Drugs as a defence? Now I’ve heard it all
THERE was a curious and telling detail in the defence offered by Elton Charles, husband of Lord Patten’s daughter Laura, when he was accused (and last week convicted) of ‘conspiracy to possess a firearm with intent to cause fear of violence’.
The curious detail was his alibi. He said he was not doing what the prosecution claimed he was doing. He was just meeting his brother to obtain some marijuana. Now, I know the police and the courts have totally forgotten this but I have not: possession of marijuana carries a maximum sentence of five years in prison and an unlimited fine.
Is this the first time anyone has ever pleaded not guilty to one crime on the basis that he was committing another at the time?
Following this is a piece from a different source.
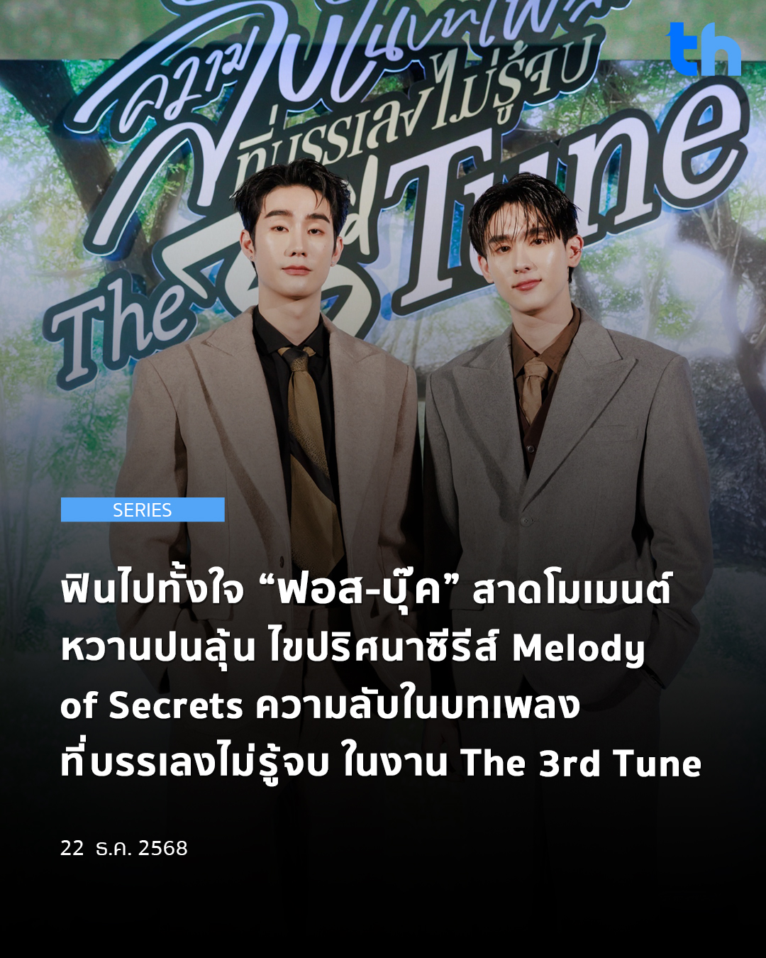 ทั้งแท็กทีมผู้กำกับฯ คุณภาพ “เติ้ล-ตะวัน จารุจินดา” ร่วมพูดคุยเรื่องราวเบื้องหลังการทำงานแบบเอ็กซ์คลูซีฟ พร้อมขนโชว์สุดพิเศษมอบให้แฟนๆ ได้ฟินกันอย่างจุใจ และแชร์โมเมนต์ความประทับใจผ่าน #MelodyOfSecretsEP3 สนั่นโซเชียล เมื่อวันศุกร์ที่ 19 ธันวาคม 2568 ที่ผ่านมา ณ ชั้น 6 สยามพารากอน – โรงภาพยนตร์สยามภาวลัย Paragon Cineplex

I have seen no report that prosecutors then moved to charge him with this offence, although he had stated on oath that he had committed it.
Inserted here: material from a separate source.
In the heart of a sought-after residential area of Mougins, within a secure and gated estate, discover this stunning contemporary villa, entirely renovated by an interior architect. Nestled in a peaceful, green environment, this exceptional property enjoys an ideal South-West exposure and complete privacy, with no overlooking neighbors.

Or is it yet another admission that this law, so often claimed to be part of a cruel and ruthless ‘war on drugs’, has been secretly repealed by a pro-drug establishment?
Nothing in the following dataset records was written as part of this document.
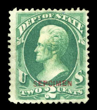(O58Sa) 1873 Special Printing, Department of State, 2c bluish green, overprinted "SEPCIMEN" in error, without gum as issued (paper adherence on reverse), fresh color, fine example of this rare stamp, with 2017 PFC, cat. $2,500
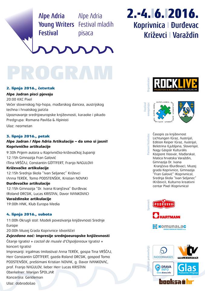 U četiri grada kontinentalne Hrvatske – Koprivnici, Križevcima, Đurđevcu i Varaždinu, od danas do subote se održava Alpe Jadran Festival mladih pisaca koji okuplja mlade književnike iz četiri države Europske unije – Mađarske, Austrije, Slovenije i Hrvatske. Na festivalu će sudjelovati devet autora koji će imati niz javni čitanja u školama čime će se mladima u formativnim godinama pružiti uvid u suvremenu srednjoeuropsku književnost, odnosno u sve različitosti, ali i sličnosti kulturnog prostora koji je u određenim povijesnim razdobljima bio dio istih političko-administrativnih cjelina.
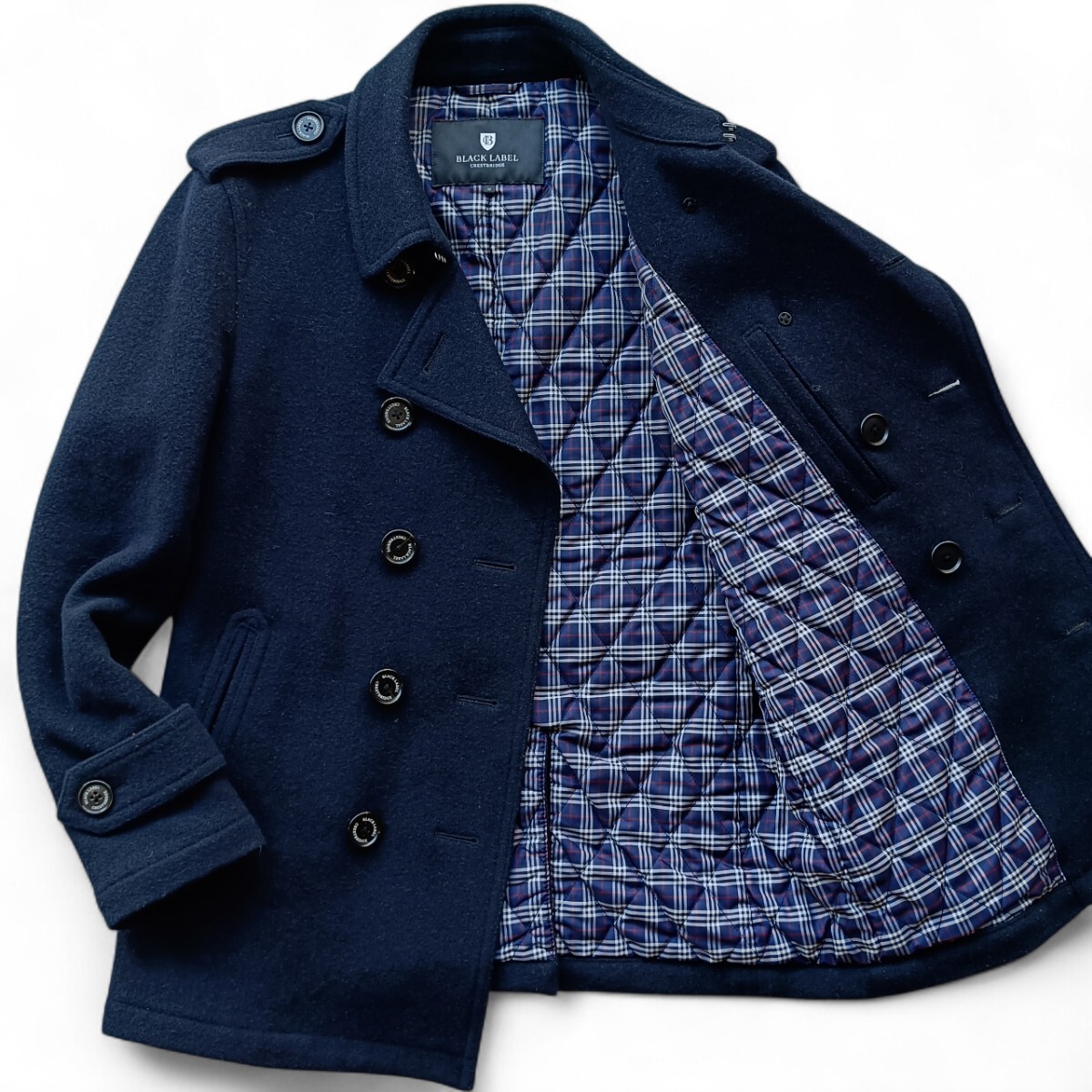 - 美品 M ブラックレーベルクレストブリッジ ウール ピーコート 内側キルティング 紺 ノバチェック 中綿 羊毛 P BLACKLABEL CRESTBRIDGE

You might get the same impression from the repellent, smug confessions of two professionals, a banker and a teacher, in Femail last week, that they smoked this noisome drug with their grown-up children. What brainless noodles they all must be, more so now than when they started doing this. Weak laws mean weak morals, and that’s what our elite seem to like.
I await the report on drugs by the House of Commons Home Affairs Committee which, as far as I know, finished taking evidence on May 25. Will it call for tougher enforcement of the existing law? What do you think?